Both plasma methylated SEPT9 and urinary N¹, N¹²-diacetylspermine (DiAcSpm) showed strong and complementary results for diagnosing colorectal cancer (CRC). The detection rates were close: mSEPT9 detected 73.2% of CRC cases, while DiAcSpm detected 72.5%, both well above chance (Figure 3A). There were a few false positives among patients with colorectal polyps and almost none in non-malignant controls, showing that the tests are highly specific. Table 3 shows there is a significant difference in positive detection rates between the two biomarkers (p < 0.05).
Across different cancer stages, both biomarkers were more likely to be positive as the tumor progressed. mSEPT9 positivity increased from 34.3% in stage I to 94.7% in stage IV, suggesting greater epigenetic changes. Urinary DiAcSpm also increased, from 60.0% in stage I to 84.2% in stage IV (Figure 3B), which suggests polyamine activity previously reported to be associated with hypoxia.Looking at how deeply the tumor invaded (Figure 3C), mSEPT9 positivity rose from 31.0% in pT2 to 86.7% in pT4, and DiAcSpm rose from 58.6% to 86.7%. All six pT1 tumors tested positive for DiAcSpm, suggesting it may be sensitive to early metabolic changes, though the sample size is small. Nodal status (Figure 3D) showed that both biomarkers had nearly identical detection rates across all stages, indicating they are similarly effective. Using both markers together improves overall diagnostic accuracy.

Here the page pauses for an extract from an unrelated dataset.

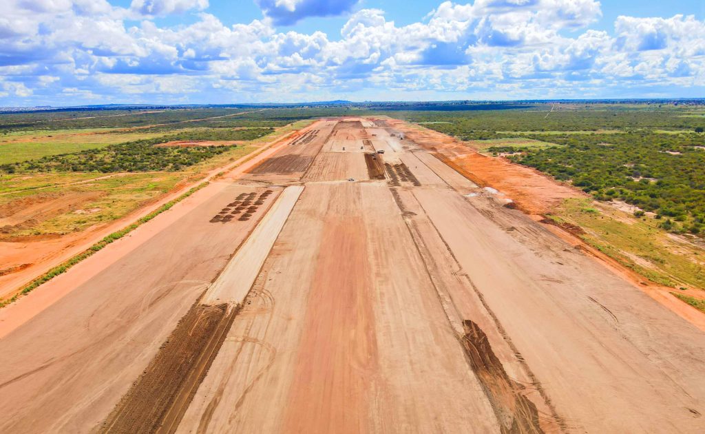 Muonekano wa hatua iliyofikiwa ya ujenzi wa barabara ya kuruka na kutua ndege katika Kiwanja cha Ndege cha Kimataifa cha Msalato, jijini Dodoma. Ujenzi wa barabara hiyo hadi sasa umefikia asilimia 3

3.2. Comparative Analysis of mSEPT9 and DiAcSpm Biomarker Positivity and Negativity Status: Clinicopathological Correlations

Clinicopathological analyses revealed biological differences between these two hypoxia-related biomarkers. Table S1 gives a summary; mSEPT9 positivity was strongly linked to signs of more aggressive tumors. It was found more often in patients aged 60 or older (p < 0.001) and in larger tumors (p < 0.001). mSEPT9 positivity also increased with higher TNM stage, deeper tumor invasion, lymph node involvement, and distant metastasis, showing a clear link to disease progression. There were also connections with poorer tumor differentiation (p = 0.042) and lymph node invasion (p < 0.001). This suggests that mSEPT9 reflects epigenetic changes tied to invasive and metastatic potential. On the other hand, there were no significant links with tumor location, overall appearance, vascular invasion, or perineural invasion. This means that methylation status primarily reflects tumor aggressiveness, not its location.
In comparison, the clinicopathological links for urinary DiAcSpm (Table S2) point to a more local biological role. DiAcSpm positivity was associated with higher tumor stage (p = 0.018) and deeper invasion (pT stage, p = 0.040), suggesting it is sensitive to tumor growth at the primary site. Unlike mSEPT9, DiAcSpm was not significantly associated with lymph node or distant metastasis, tumor differentiation, vascular invasion, or perineural invasion. Higher positivity was also observed in patients aged 60 or older (p < 0.001), but sex and tumor location did not differ significantly.
However, the convergence of these independent, biologically linked biomarkers, mSEPT9 and DiAcSpm, explains their similar diagnostic performance. It also highlights their distinct clinicopathological associations. These observations support integrating epigenetic and metabolic biomarkers into a unified hypoxia-informed diagnostic framework (HIF-linked-D4 model). This approach enables non-invasive detection and simultaneously provides biological stratification of colorectal cancer progression.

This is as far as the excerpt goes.